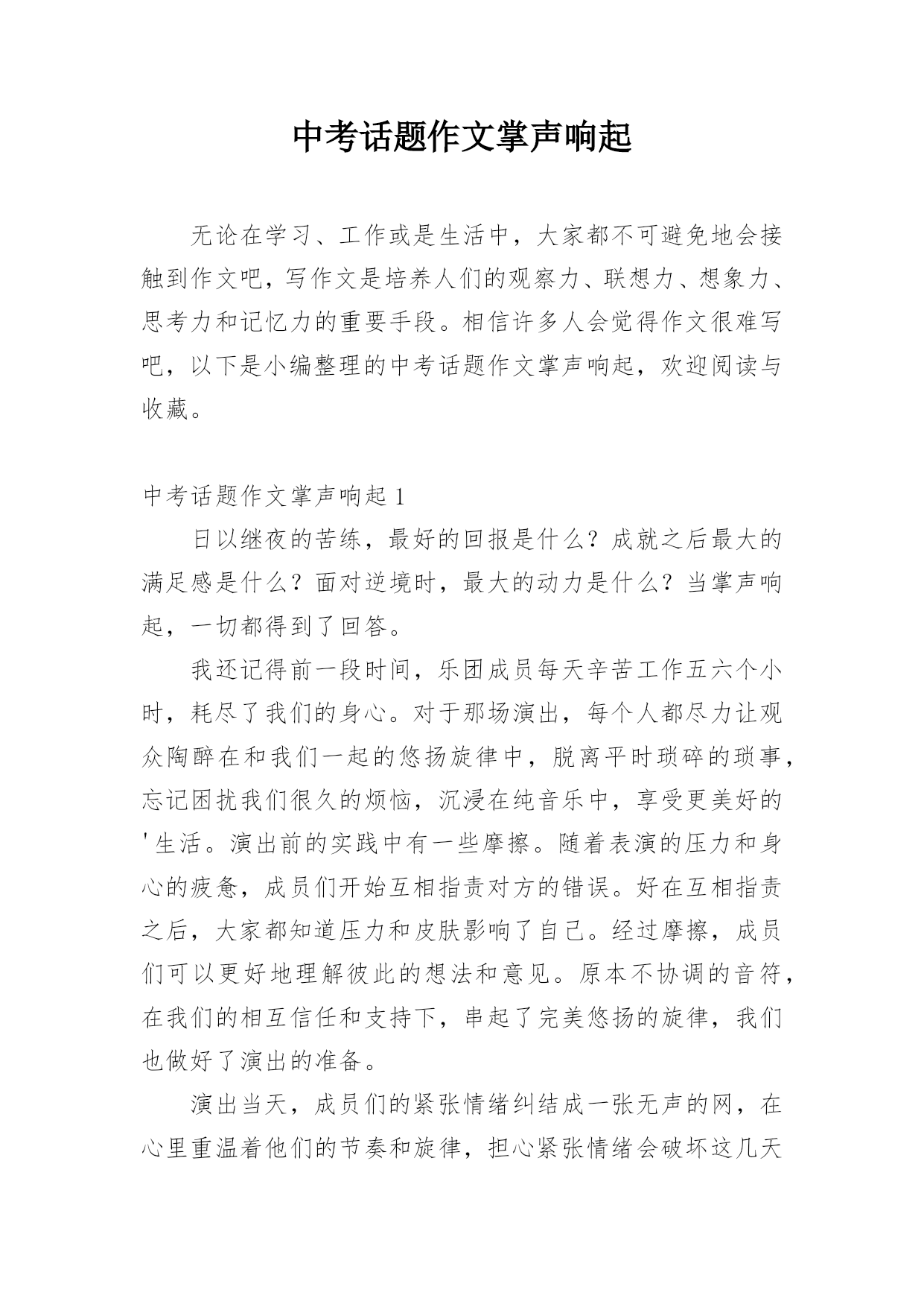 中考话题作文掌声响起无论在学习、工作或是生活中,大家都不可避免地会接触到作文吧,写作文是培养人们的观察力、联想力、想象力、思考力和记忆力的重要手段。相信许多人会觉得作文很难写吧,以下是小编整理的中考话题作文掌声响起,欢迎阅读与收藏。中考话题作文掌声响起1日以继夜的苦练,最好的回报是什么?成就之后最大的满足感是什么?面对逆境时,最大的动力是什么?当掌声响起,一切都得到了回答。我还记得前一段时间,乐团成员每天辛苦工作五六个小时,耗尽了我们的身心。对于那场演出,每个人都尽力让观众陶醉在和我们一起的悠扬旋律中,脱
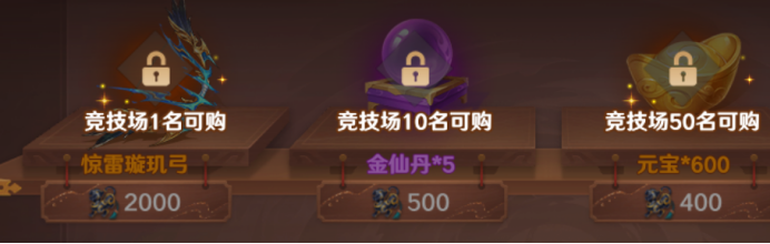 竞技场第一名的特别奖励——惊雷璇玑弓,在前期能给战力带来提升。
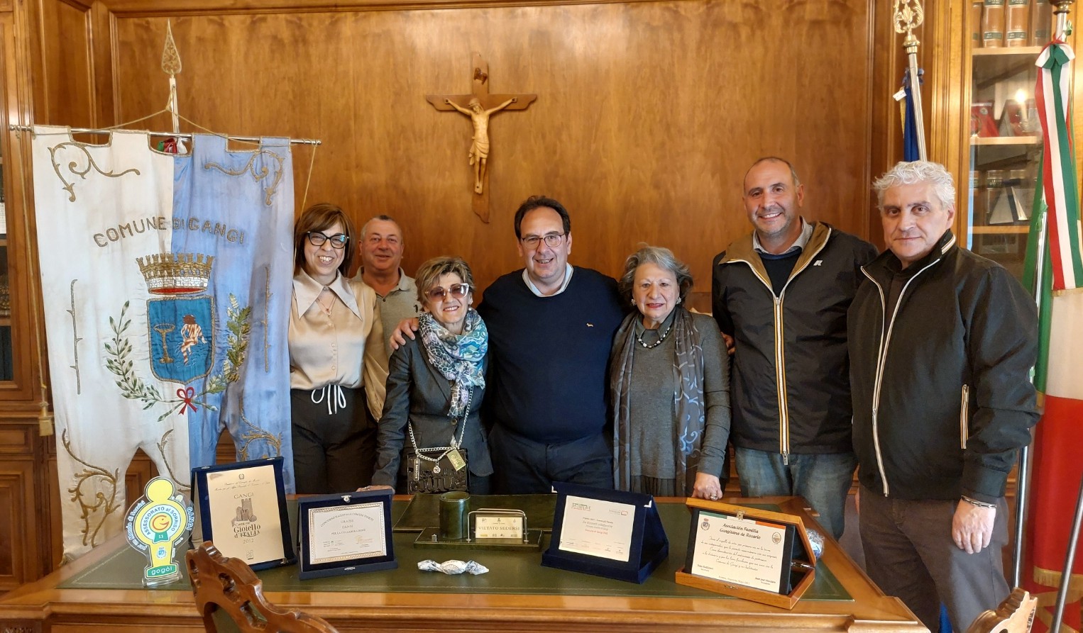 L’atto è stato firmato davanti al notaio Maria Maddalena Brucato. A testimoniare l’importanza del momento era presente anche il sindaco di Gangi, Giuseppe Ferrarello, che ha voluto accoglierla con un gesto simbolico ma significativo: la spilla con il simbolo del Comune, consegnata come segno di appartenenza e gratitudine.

**To do**
Leave out the images and copy all remaining data word for word.

**Answer for the task**
 中考话题作文掌声响起无论在学习、工作或是生活中,大家都不可避免地会接触到作文吧,写作文是培养人们的观察力、联想力、想象力、思考力和记忆力的重要手段。相信许多人会觉得作文很难写吧,以下是小编整理的中考话题作文掌声响起,欢迎阅读与收藏。中考话题作文掌声响起1日以继夜的苦练,最好的回报是什么?成就之后最大的满足感是什么?面对逆境时,最大的动力是什么?当掌声响起,一切都得到了回答。我还记得前一段时间,乐团成员每天辛苦工作五六个小时,耗尽了我们的身心。对于那场演出,每个人都尽力让观众陶醉在和我们一起的悠扬旋律中,脱
 竞技场第一名的特别奖励——惊雷璇玑弓,在前期能给战力带来提升。
 L’atto è stato firmato davanti al notaio Maria Maddalena Brucato. A testimoniare l’importanza del momento era presente anche il sindaco di Gangi, Giuseppe Ferrarello, che ha voluto accoglierla con un gesto simbolico ma significativo: la spilla con il simbolo del Comune, consegnata come segno di appartenenza e gratitudine.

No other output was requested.